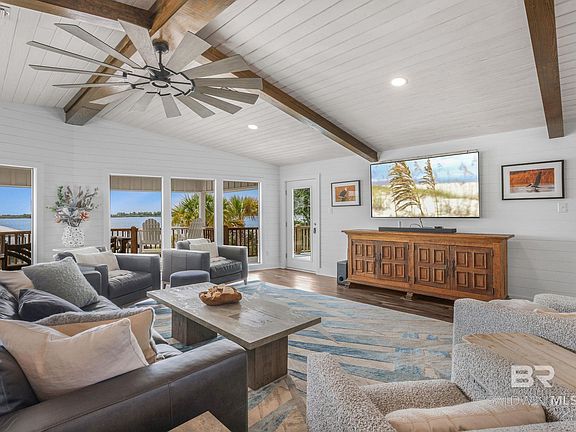 NO FLOOD INSURANCE REQUIRED! Boater’s Dream on the Bay !Welcome to your waterfront paradise! This stunning property boasts private, sandy white beaches—safe and shallow for kids to play, yet with a 5–6 ft deep draw for larger boats. Enjoy one of the best spots around for kayaking and paddle-boarding, with effortless beach launch access right from your backyard. The impressive boat house is a boater’s dream, featuring three lifts (12,000 lb, 10,000 lb, and a PWC lift), a dockside fish cleaning station, storage closet, three water hose stations, and ample lighting—all wired for TV, so you can relax or entertain dockside in style. Frequent visits from dolphins, manatees, fish, and blue crabs make every day feel like your own private nature show.Inside, the renovated home offers 3 bedrooms and 2 bathrooms upstairs, plus 2 additional rooms and a full bath downstairs—for guests or multi-generational living. The primary bedroom and second bedroom both feature sliding doors that open to a waterfront balcony, providing peaceful views and direct access to the coastal breeze. The living area also offers a beautiful view of Ole River, creating a light-filled, relaxing space you’ll never want to leave.Located on one of the highest elevations on the island, this property does not require flood insurance, offering peace of mind alongside its incredible views and amenities.Recent upgrades include a Bronze Fortified roof (post-Hurricane Sally), a new upstairs AC unit, and new mini-splits downstairs. The chef’s kitchen is equipped with KitchenAid appliances, an under-counter ice maker, and two refrigerated drawers—ideal for entertaining or everyday luxury.The fenced yard offers both privacy and security, completing this incredible blend of comfort, luxury, and coastal living.Call your favorite agent and schedule a private tour today! Buyer to verify all information during due diligence.
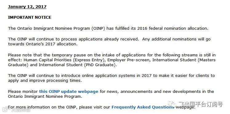 在今年1月12日的时候,安大略省官网公布对于:安省EE项目-HUMAN CAPITAL PRIORITIES (EE), 雇主担保项目-EMPLOYER PRE-SCREEN, 硕士毕业生移民项目-INTERNATIONAL STUDENT (MASTERS GRADUATE) AND 博士毕业生移民项目INTERNATIONAL STUDENT(PhD Graduate) 暂时停止接收申请。
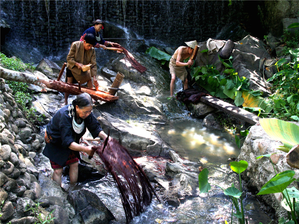 樹皮布是以植物樹皮為原料,經(jīng)過選樹木、扒樹皮、修整、浸泡脫膠、漂洗、曬干、拍打等步驟制成的一種無紡布料。加工好的樹皮布經(jīng)裁剪、縫制可以做成被子、帽子上衣、帽子等。
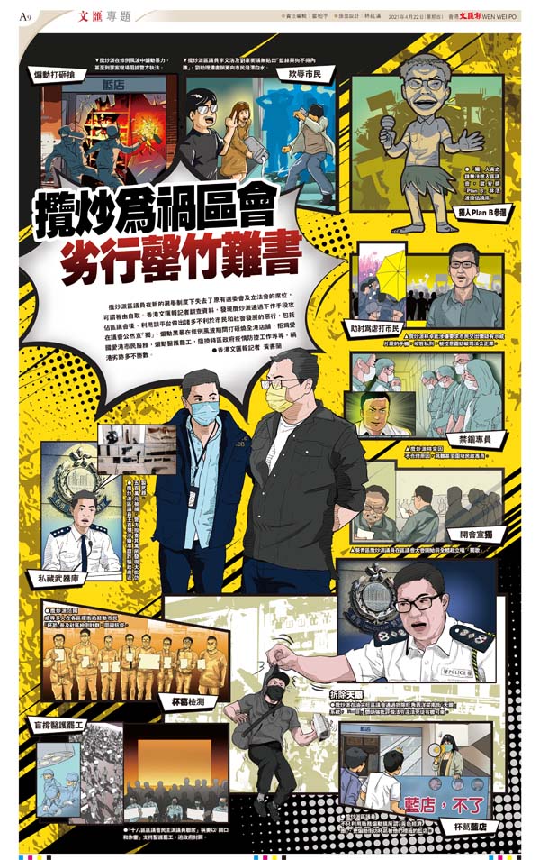 (香港文匯報記者 黃書蘭)攬炒派區議員在新的選舉制度下失去了原有選委會及立法會的席位,可謂咎由自取。香港文匯報記者翻查資料,發現攬炒派通過下作手段攻佔區議會後,利用該平台做出諸多不利於市民和社會發展的惡行,包括在議會公然宣「獨」、煽動黑暴在修例風波期間打砸燒全港店舖,拒為愛國愛港市民服務,煽動醫護罷工,阻撓特區政府疫情防控工作等等,禍港劣跡多不勝數。

■ THE PROBLEM ■
Reproduce precisely the lines of the listing above, from the line containing "在今年1月12日的时候,安大略省官网公布对于:安省EE项目-HUMAN CAPITAL PRIORITIES" to the last line, both ends included. Pictures are to be omitted.

■ WRITTEN ANSWER ■
 在今年1月12日的时候,安大略省官网公布对于:安省EE项目-HUMAN CAPITAL PRIORITIES (EE), 雇主担保项目-EMPLOYER PRE-SCREEN, 硕士毕业生移民项目-INTERNATIONAL STUDENT (MASTERS GRADUATE) AND 博士毕业生移民项目INTERNATIONAL STUDENT(PhD Graduate) 暂时停止接收申请。
 樹皮布是以植物樹皮為原料,經(jīng)過選樹木、扒樹皮、修整、浸泡脫膠、漂洗、曬干、拍打等步驟制成的一種無紡布料。加工好的樹皮布經(jīng)裁剪、縫制可以做成被子、帽子上衣、帽子等。
 (香港文匯報記者 黃書蘭)攬炒派區議員在新的選舉制度下失去了原有選委會及立法會的席位,可謂咎由自取。香港文匯報記者翻查資料,發現攬炒派通過下作手段攻佔區議會後,利用該平台做出諸多不利於市民和社會發展的惡行,包括在議會公然宣「獨」、煽動黑暴在修例風波期間打砸燒全港店舖,拒為愛國愛港市民服務,煽動醫護罷工,阻撓特區政府疫情防控工作等等,禍港劣跡多不勝數。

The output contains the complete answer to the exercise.